All storage solutions support relatively standard interfaces and protocols. Unless you use certain advanced features, it's pretty easy (data migration aside!) to move from one to the other. And, in the storage array business, customers swap vendors all the time if they feel the need.
Now, imagine I write some custom scripting or interfaces into something like ZFS, well -- I"m locked in to a certain degree, aren't I?
It just strikes me as posturing with little -- if any -- basis in reality.
A Personal Example
I had been casting around for a home storage sharing device for a few years. I fooled around a bit with various Linux combos, even did the Microsoft thing. Way too fiddly for me, and I was spending more time making things work rather than enjoying what the platform could do.
I mentioned earlier that I got one of those LifeLine-based Intel devices, plugged it in, and got on to actually using the darn thing, rather than tinkering around.
Did I end up spending more than if I got very creative with eBay and SourceForge? Of course I did.
But I had better things to do in my spare time.
So, What Does This Mean For The Storage Industry?

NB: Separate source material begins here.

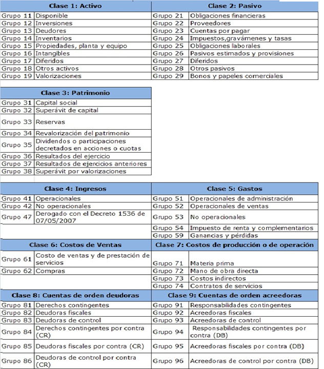 Identificación Clase, Grupo, Cuenta y Subcuenta

We're seeing a new category forming rapidly: do-it-yourself storage. Nothing wrong with that. And I can imagine a few situations where that'd be very interesting to someone.
But, at the same time, I don't think it's going to change much out there. True cost are true costs -- hardware, software and support -- no matter how you re-arrange the buckets. Take something out of one bucket, it often ends up in another bucket. Or you end up worse off than where you started.
So, Why Am I Cringing?
Because we're probably going to hear even more nonsensical blather about this stuff in the coming months.
This particular topic is perfect for people trying to crash the party with a "new idea" (smaller vendors, certain industry pundits and curmudgeons, and so on) that really isn't a new idea at all.
If you think about it, people have been using servers as storage for more than a decade -- think Windows CIFS and NFS as simple examples. So there's nothing really new here -- customers have always had the option to press their servers into duty as shared storage devices.
Maybe they didn't like the performance, or the functionality, or the cost model, or the support model, so -- by and large -- they've been moving away from this approach for quite a while.
Which is why -- by and large -- storage arrays are so popular. They're built and designed to do a specific job, and do it well.
And I don't see this changing anytime soon.